■ PROBLEM REQUIREMENTS ■
Each entry below should be given again exactly; the pictures stay out.

____

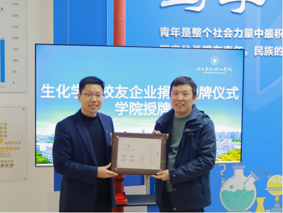 现场举行校友企业捐赠授牌仪式,杭州奕安济世生物药业有限公司向生化学院捐赠价值20万元的试验耗材,由刘哲书记接受捐赠,并向企业代表管其君(01级生工专业校友)颁发捐赠证书。管其君感谢学院的悉心培育,在未来的日子里,也会积极参与校友会的活动,为学院的发展贡献自己的力量。
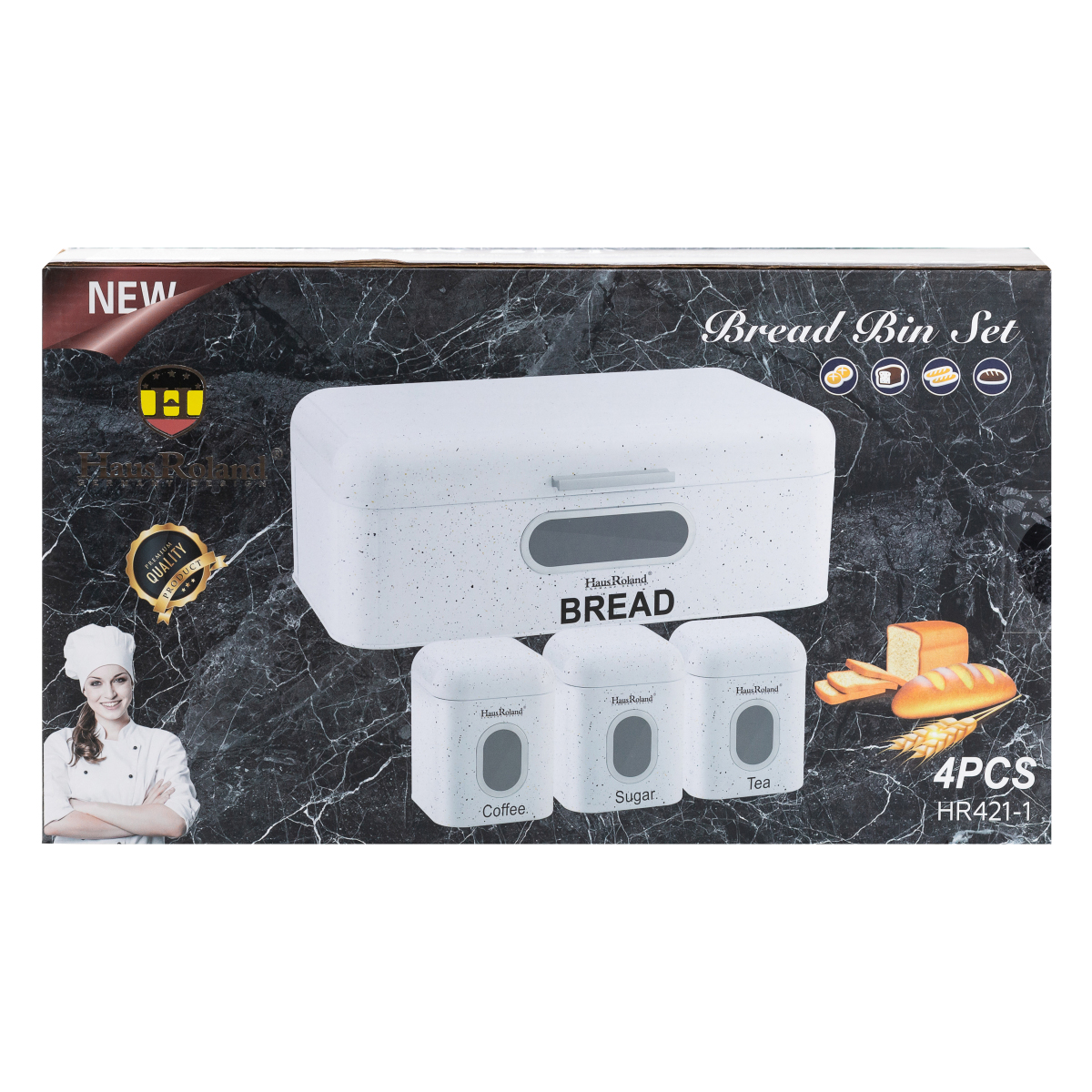 Набір для зберігання продуктів Haus Roland – стильне та функціональне рішення для організації кухонного простору. У набір входить містка хлібниця та 3 банки для сипучих продуктів із прозорою вставкою, що дозволяє контролювати кількість вмісту.
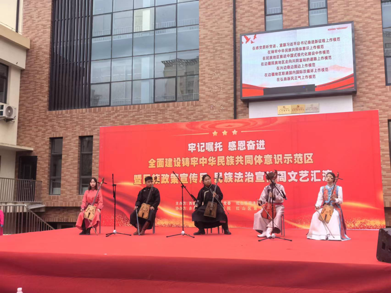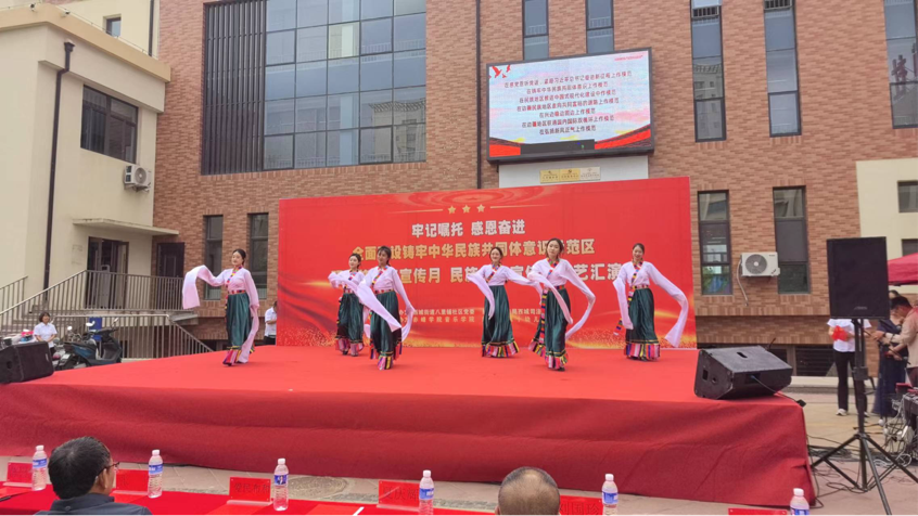 此次活动中音乐学院精心准备,组织部分同学在西城街道八里铺社区带来精彩表演:女声独唱《我爱你中国》和蒙古族特色马头琴合奏《白马》、藏族舞蹈《库玛拉》等等把精彩的文艺节目和真诚的祝福送到观众面前,让观众们感受到中华优秀传统文化的魅力和各民族的优秀文化。在校的同学通过开展民族团结进步主题班会,民族团结应知应会知识竞赛、观看民俗纪录片等形式组织学生积极学习习近平总书记关于加强和改进民族工作的重要思想。
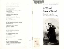 A word for our time? : Zechariah 9-14, the New Testament and today / Hubert Conliffe-Jones.
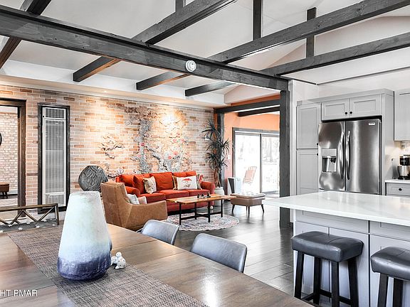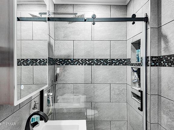 Step into a rare find just a short walk from the lake and community center. Thoughtfully renovated from top to bottom, this custom ranch has been transformed with vaulted ceilings throughout, giving it a warm mountain-home feel while preserving its solid structure. The manicured landscaping sets it apart from typical wooded lots, offering space to gather, play, or simply relax by the fire pit. Inside the stone counters, designer lighting, and custom tile work pair beautifully with authentic wood plank floors and artistic touches. Climate control is effortless with mini-splits plus a top-tier radiator system featuring dual electric and propane for peace of mind. The finished lower level adds creative living space with motion-lit stairs and custom-painted walls. Whether you're seeking single-level living or investment potential near ski slopes and waterparks, this home blends comfort, quality, and location in one exceptional package.
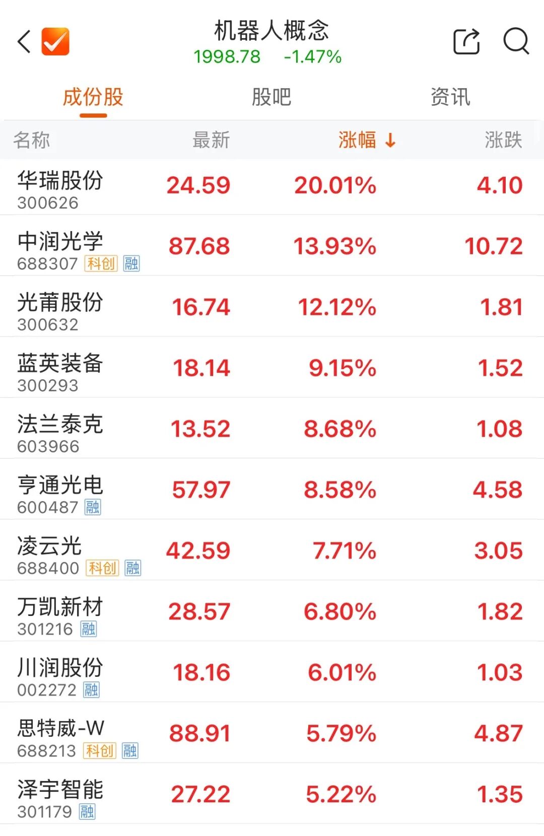 早盘,机器人概念局部走强。截至午间收盘,华瑞股份以20%幅度涨停,嵘泰股份涨停。
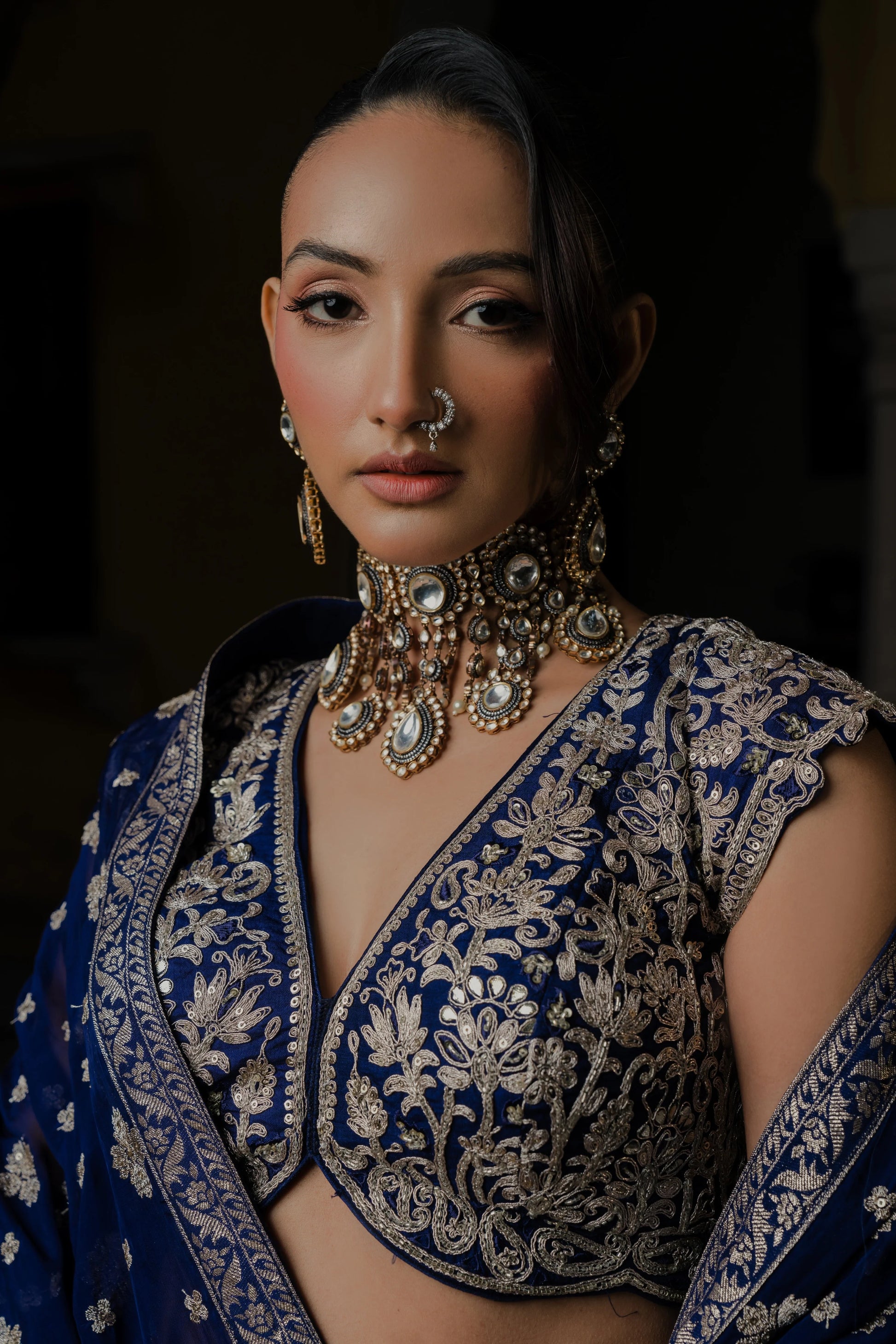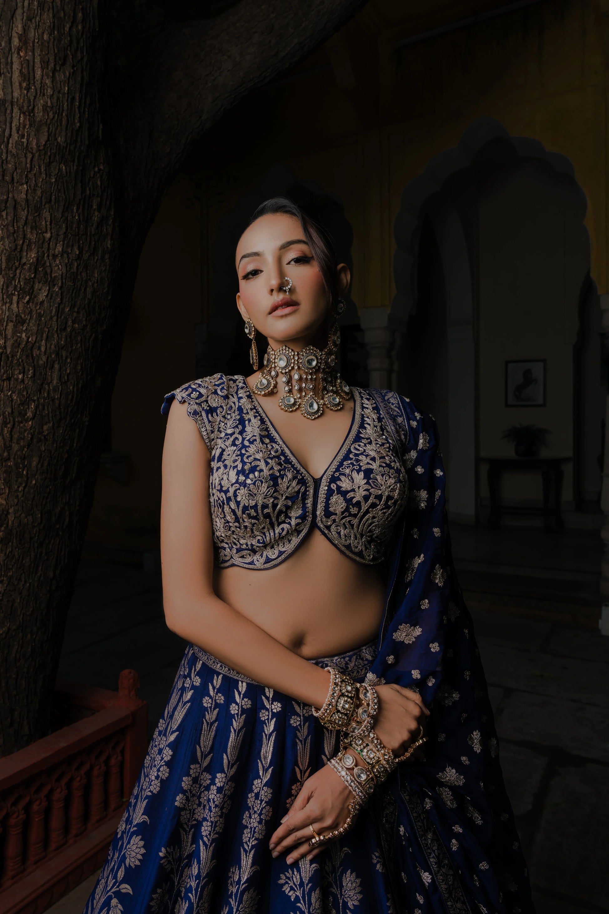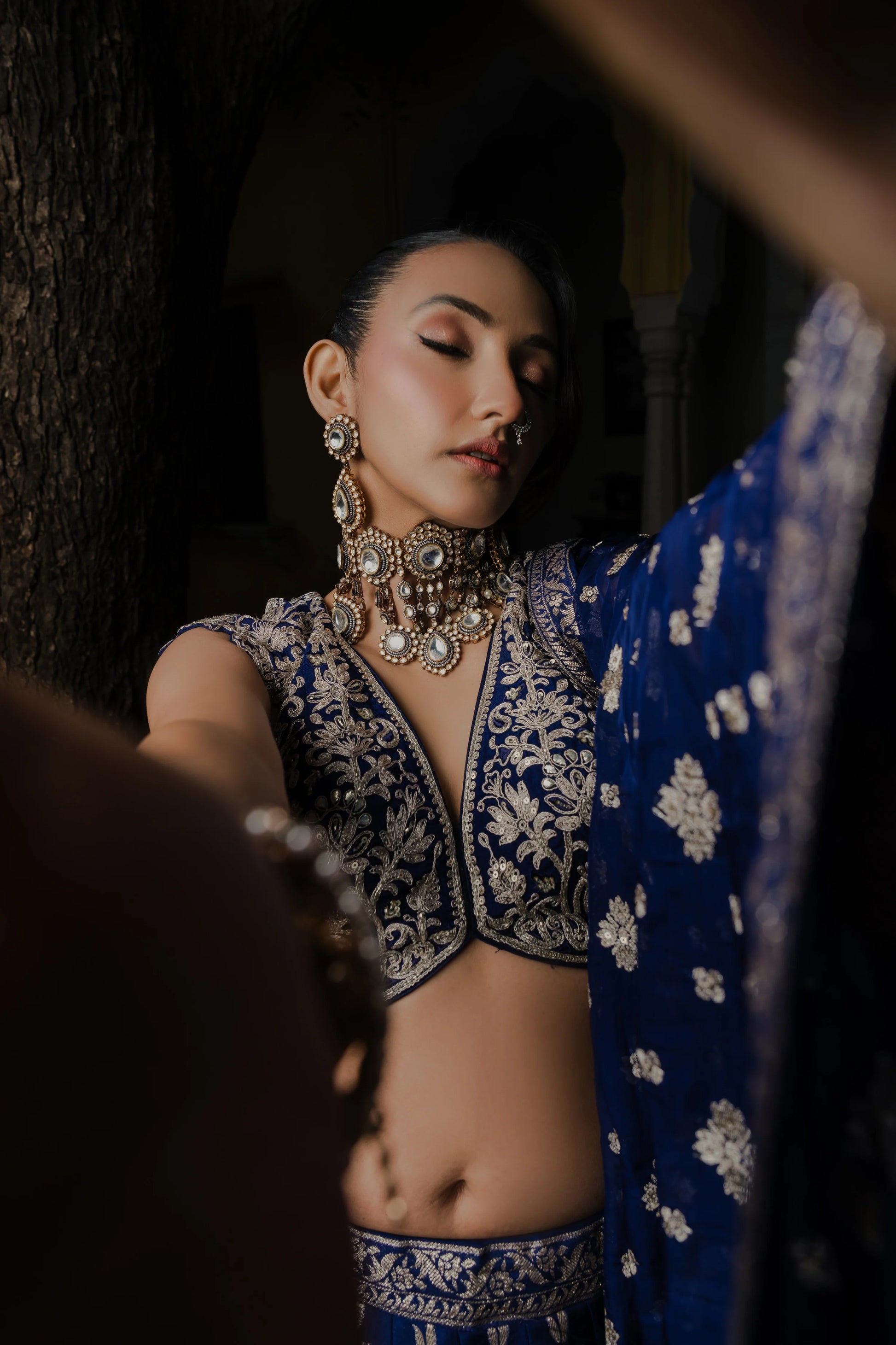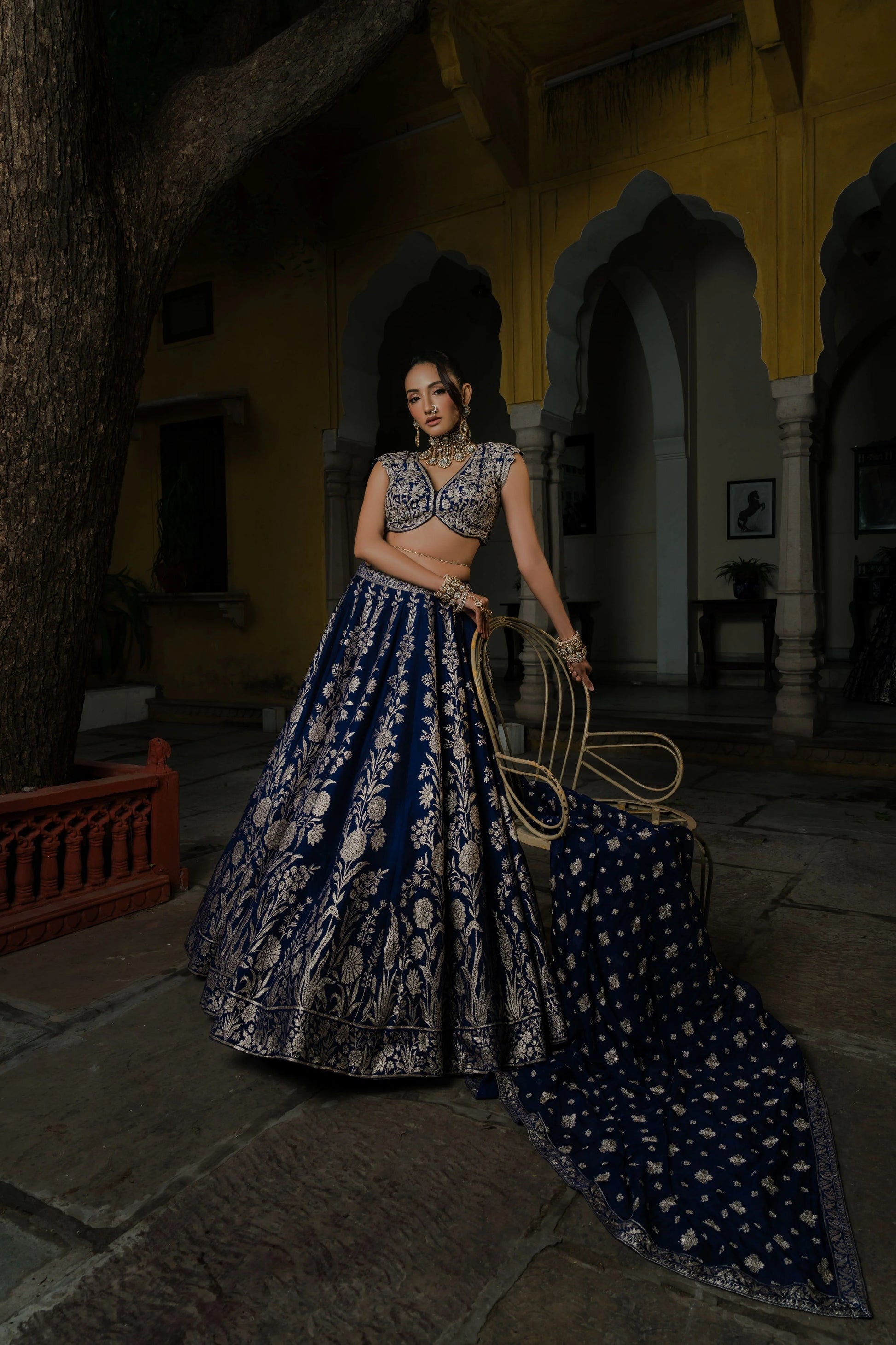 Royal Blue Silk Lehenga Set with Silver Zari Embroidery

____

■ SOLVED EXERCISE ■
 现场举行校友企业捐赠授牌仪式,杭州奕安济世生物药业有限公司向生化学院捐赠价值20万元的试验耗材,由刘哲书记接受捐赠,并向企业代表管其君(01级生工专业校友)颁发捐赠证书。管其君感谢学院的悉心培育,在未来的日子里,也会积极参与校友会的活动,为学院的发展贡献自己的力量。
 Набір для зберігання продуктів Haus Roland – стильне та функціональне рішення для організації кухонного простору. У набір входить містка хлібниця та 3 банки для сипучих продуктів із прозорою вставкою, що дозволяє контролювати кількість вмісту.
 此次活动中音乐学院精心准备,组织部分同学在西城街道八里铺社区带来精彩表演:女声独唱《我爱你中国》和蒙古族特色马头琴合奏《白马》、藏族舞蹈《库玛拉》等等把精彩的文艺节目和真诚的祝福送到观众面前,让观众们感受到中华优秀传统文化的魅力和各民族的优秀文化。在校的同学通过开展民族团结进步主题班会,民族团结应知应会知识竞赛、观看民俗纪录片等形式组织学生积极学习习近平总书记关于加强和改进民族工作的重要思想。
 A word for our time? : Zechariah 9-14, the New Testament and today / Hubert Conliffe-Jones.
 Step into a rare find just a short walk from the lake and community center. Thoughtfully renovated from top to bottom, this custom ranch has been transformed with vaulted ceilings throughout, giving it a warm mountain-home feel while preserving its solid structure. The manicured landscaping sets it apart from typical wooded lots, offering space to gather, play, or simply relax by the fire pit. Inside the stone counters, designer lighting, and custom tile work pair beautifully with authentic wood plank floors and artistic touches. Climate control is effortless with mini-splits plus a top-tier radiator system featuring dual electric and propane for peace of mind. The finished lower level adds creative living space with motion-lit stairs and custom-painted walls. Whether you're seeking single-level living or investment potential near ski slopes and waterparks, this home blends comfort, quality, and location in one exceptional package.
 早盘,机器人概念局部走强。截至午间收盘,华瑞股份以20%幅度涨停,嵘泰股份涨停。
 Royal Blue Silk Lehenga Set with Silver Zari Embroidery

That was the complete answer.